Мангушев высказал это так серьезно, что Nicolas сразу почувствовал беспредельное благоговение к нему. Он был так щегольски и в то же время так просто одет, что Nicolas в своем мундирчике почувствовал себя как-то неловко (он в первый раз упрекнул себя, зачем надел мундир, и не послушался maman, которая советовала надеть легкий палевый костюм). В его воображении вставал совсем не тот золотушный, вертлявый и исковерканный Мангушев, который действительно ломался перед его глазами, а подлинный представитель той vie de château[198], о которой он вычитал когда-то dans ces bons petits romans[199], воспитывавших его юность. Целая картина быстро пронеслась в его воображении. Молодой лорд, рассевающий семена консерватизма, религии и нравственности; семейный очаг; длинные зимние вечера в старом, величественном за́мке; подъемные мосты; поля, занесенные снегом; охота на кабанов и серн; триктрак с сельским кюре; беседа за ужином с обильными возлияниями; общие молитвы с преданными седыми слугами, и затем крепкий, здоровый и безмятежный сон до утра… Одним словом, он совершенно позабыл, что находится в Глуповской губернии, где нет ни шато́, ни кюре́, играющих в триктрак, ни кабанов, ни консерватизма, ни религии, ни нравственности, а есть только высь да ширь, да бесконечно праздные и беспредельно болтающие Мангушевы.
— Et la santé de madame?[200] — осведомился между тем Мангушев.
— Merci. Maman se porte très bien.
— Oh! votre mère est une noble et sainte femme![201]

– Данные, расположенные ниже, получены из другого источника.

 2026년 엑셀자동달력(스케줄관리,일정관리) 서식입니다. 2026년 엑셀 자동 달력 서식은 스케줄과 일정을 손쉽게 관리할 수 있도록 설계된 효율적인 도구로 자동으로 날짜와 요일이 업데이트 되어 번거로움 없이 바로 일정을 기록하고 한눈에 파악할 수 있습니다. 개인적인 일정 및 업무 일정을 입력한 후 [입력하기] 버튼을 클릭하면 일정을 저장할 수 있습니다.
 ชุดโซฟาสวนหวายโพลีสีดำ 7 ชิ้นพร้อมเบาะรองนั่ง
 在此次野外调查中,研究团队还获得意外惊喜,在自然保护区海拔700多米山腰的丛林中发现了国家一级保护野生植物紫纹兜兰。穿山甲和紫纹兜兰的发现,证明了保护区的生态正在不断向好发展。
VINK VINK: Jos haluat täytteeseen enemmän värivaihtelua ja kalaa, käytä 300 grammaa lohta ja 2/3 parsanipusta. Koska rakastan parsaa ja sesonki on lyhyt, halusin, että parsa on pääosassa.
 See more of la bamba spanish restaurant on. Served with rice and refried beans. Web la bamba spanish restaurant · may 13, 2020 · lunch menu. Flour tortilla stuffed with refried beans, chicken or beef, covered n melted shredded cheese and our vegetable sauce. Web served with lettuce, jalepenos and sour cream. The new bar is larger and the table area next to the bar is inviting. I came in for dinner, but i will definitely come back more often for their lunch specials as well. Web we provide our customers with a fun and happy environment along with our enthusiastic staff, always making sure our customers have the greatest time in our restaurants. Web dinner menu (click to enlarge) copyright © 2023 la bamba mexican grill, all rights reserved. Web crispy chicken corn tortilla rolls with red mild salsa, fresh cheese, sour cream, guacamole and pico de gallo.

Молодые люди вошли в кабинет и уселись на какой-то
чрезвычайно мягкой и удобной мебели.
— Et maintenant, causons. Charles! vite un déjeuner et une bouteille de notre meilleur![202] — обратился Мангушев к расторопному малому, почтительно ожидавшему приказаний, — мсьё Персианов! вы какое вино предпочитаете?
Nicolas вспыхнул, потому что до сих пор он сам еще не давал себе отчета относительно вина. Он неизменно душил шампанское, полагая, что дорогая его цена вполне достаточна, чтоб оправдать это предпочтение.
— Mais… le Champagne![203] — смущенно пролепетал он, все больше и больше краснея.
— Pardon! Мы будем пить шампанское en son temps et lieu[204] — надеюсь, что вы у меня обедаете? — а теперь… Charles! vous nous apporterez de ce petit Bordeaux… «Retour des Indes»*…C’est tout ce qu’il nous faut pour le moment… n’est-ce pas, mon cher monsieur de Persianoff?[205]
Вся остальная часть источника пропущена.